The data START

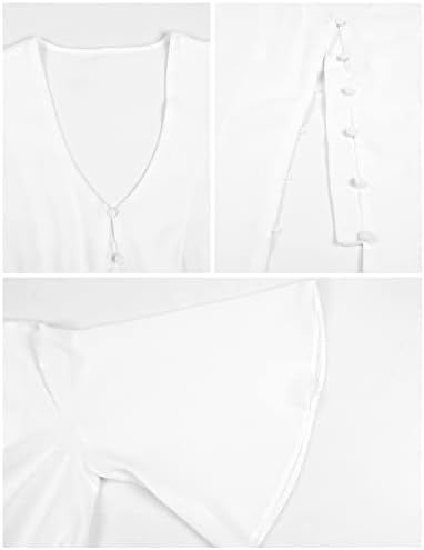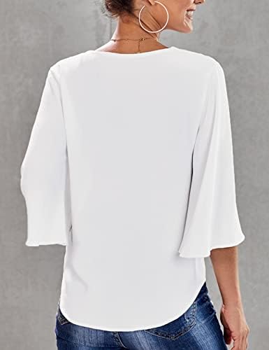 Camicia Donna Camicetta Elegante Maglietta Manica a 3/4 Manica a Tromba Scollo a V Sexy Blusa Casual Tinta Unita Top
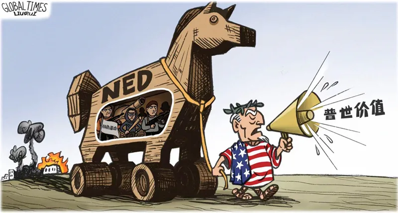 長期以來,美國將所謂普世價值工具化、武器化,煽動分裂對抗,干涉別國內(nèi)政,造成災(zāi)難性后果。NED就是美國政府禍亂別國的“特洛伊木馬”。圖源:《環(huán)球時報》
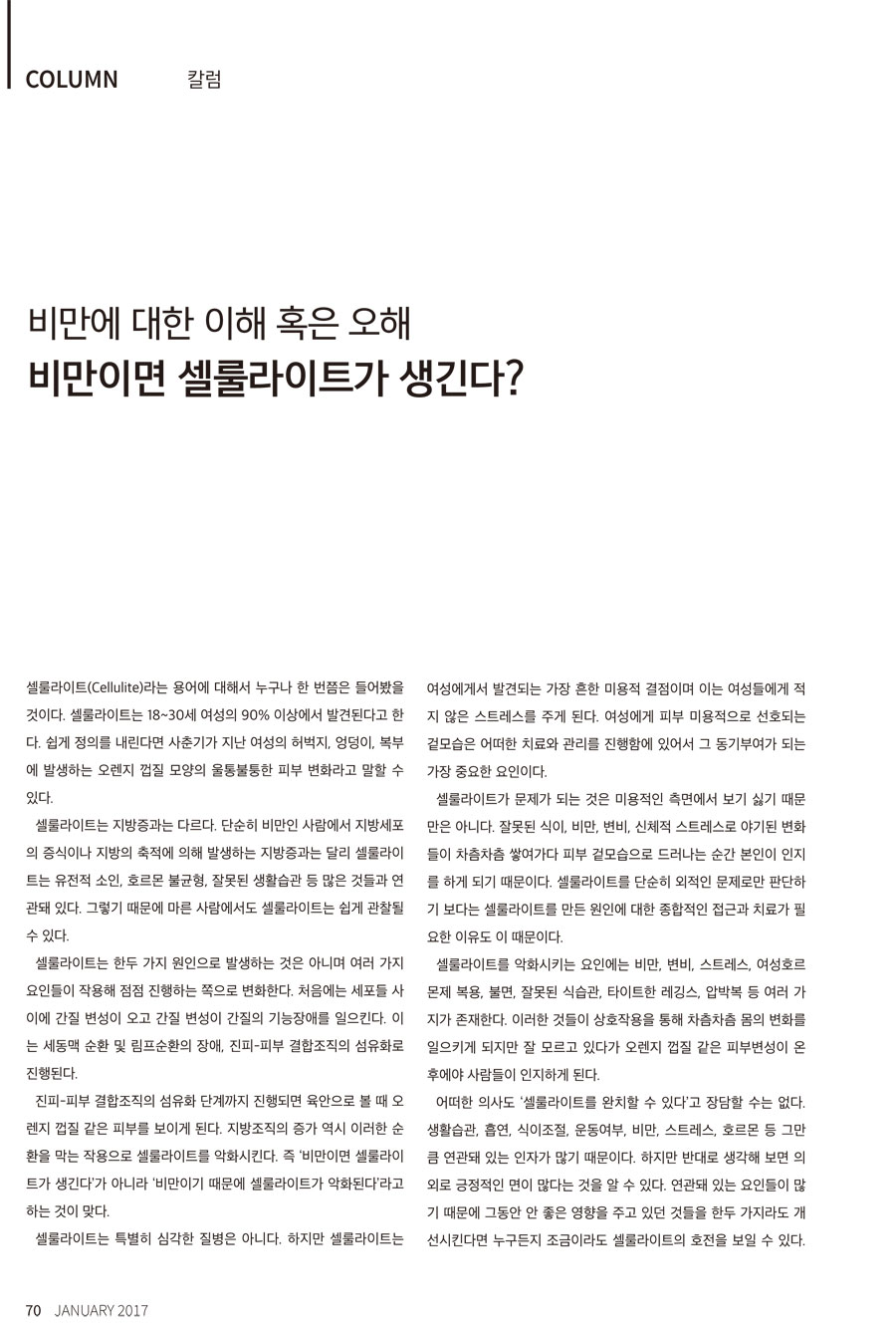 [매거진] [헬스앤라이프/비만에 대한 이해 혹은 오해] 비만이면 셀룰라이트가 생긴다?
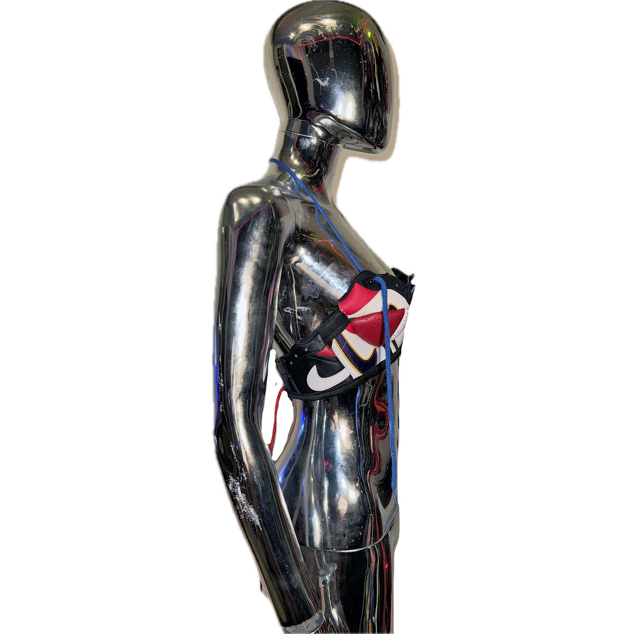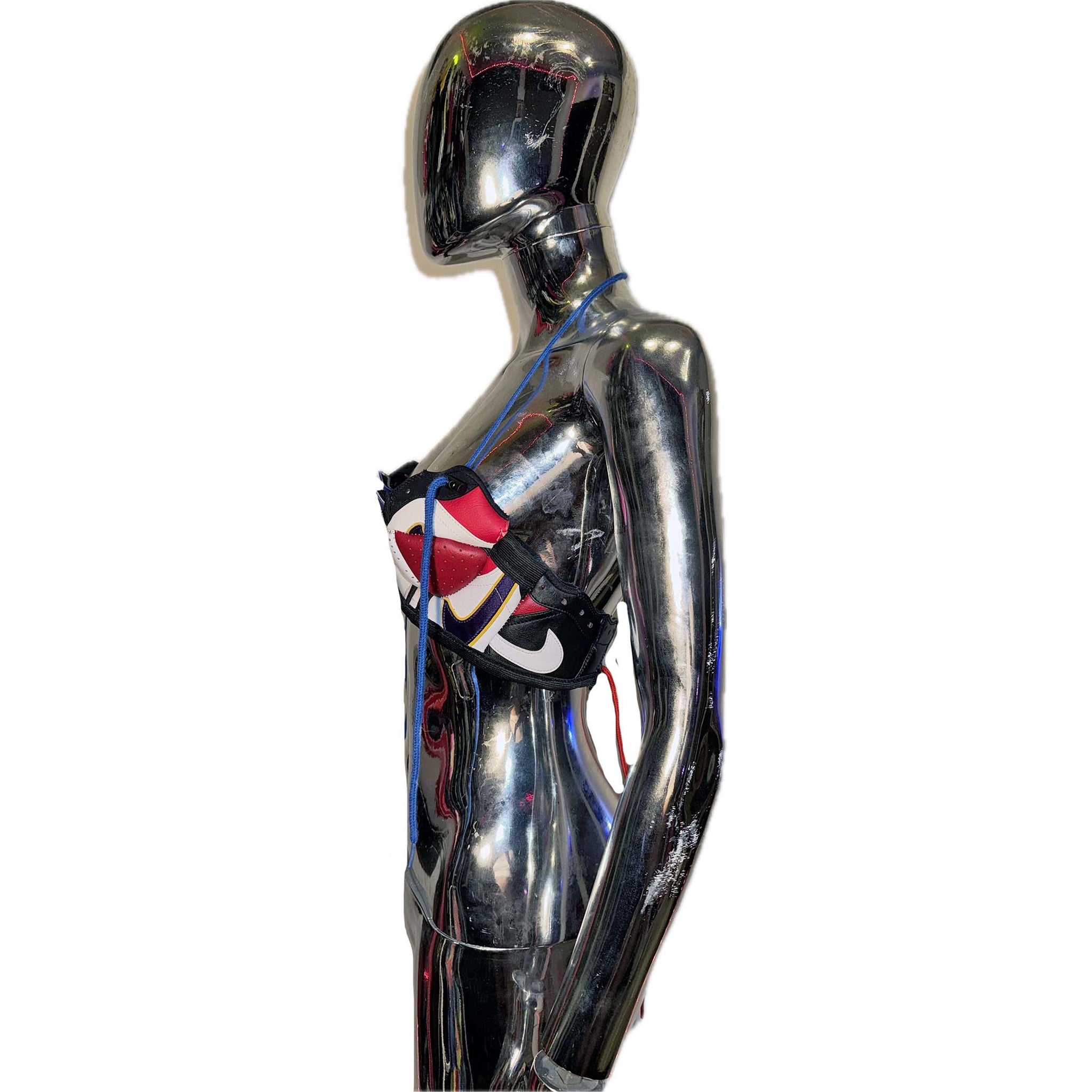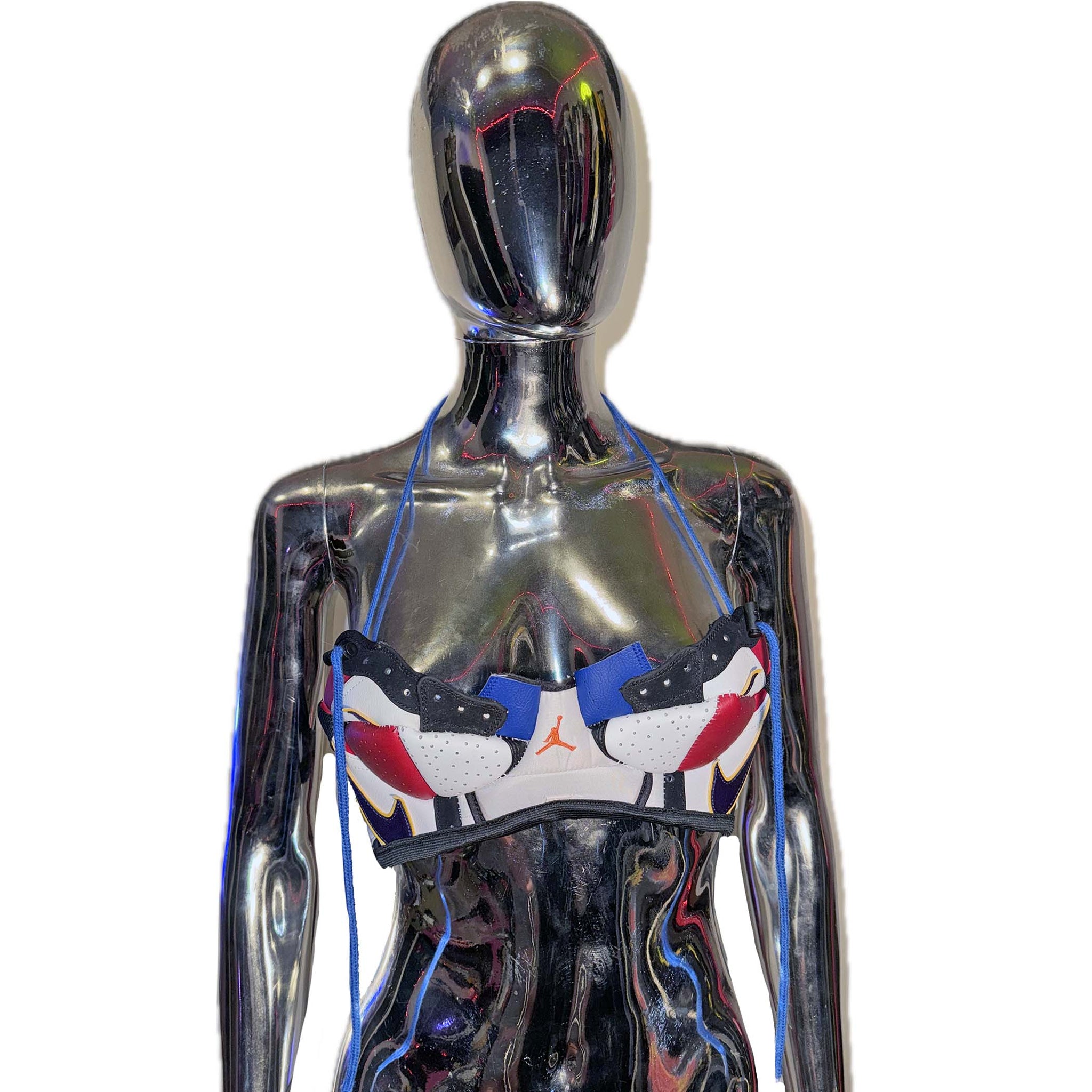 Upgrade your sneaker game with the FMG X COURT SIDE SNEAKER BRA! Handmade and upcycled, this bra is the perfect fit for bra size A. Get ready to turn heads and feel confident in this 🔥 piece.

The data END

The problem
Copy out the lines above unchanged. Skip the images.

Your solution
 Camicia Donna Camicetta Elegante Maglietta Manica a 3/4 Manica a Tromba Scollo a V Sexy Blusa Casual Tinta Unita Top
 長期以來,美國將所謂普世價值工具化、武器化,煽動分裂對抗,干涉別國內(nèi)政,造成災(zāi)難性后果。NED就是美國政府禍亂別國的“特洛伊木馬”。圖源:《環(huán)球時報》
 [매거진] [헬스앤라이프/비만에 대한 이해 혹은 오해] 비만이면 셀룰라이트가 생긴다?
 Upgrade your sneaker game with the FMG X COURT SIDE SNEAKER BRA! Handmade and upcycled, this bra is the perfect fit for bra size A. Get ready to turn heads and feel confident in this 🔥 piece.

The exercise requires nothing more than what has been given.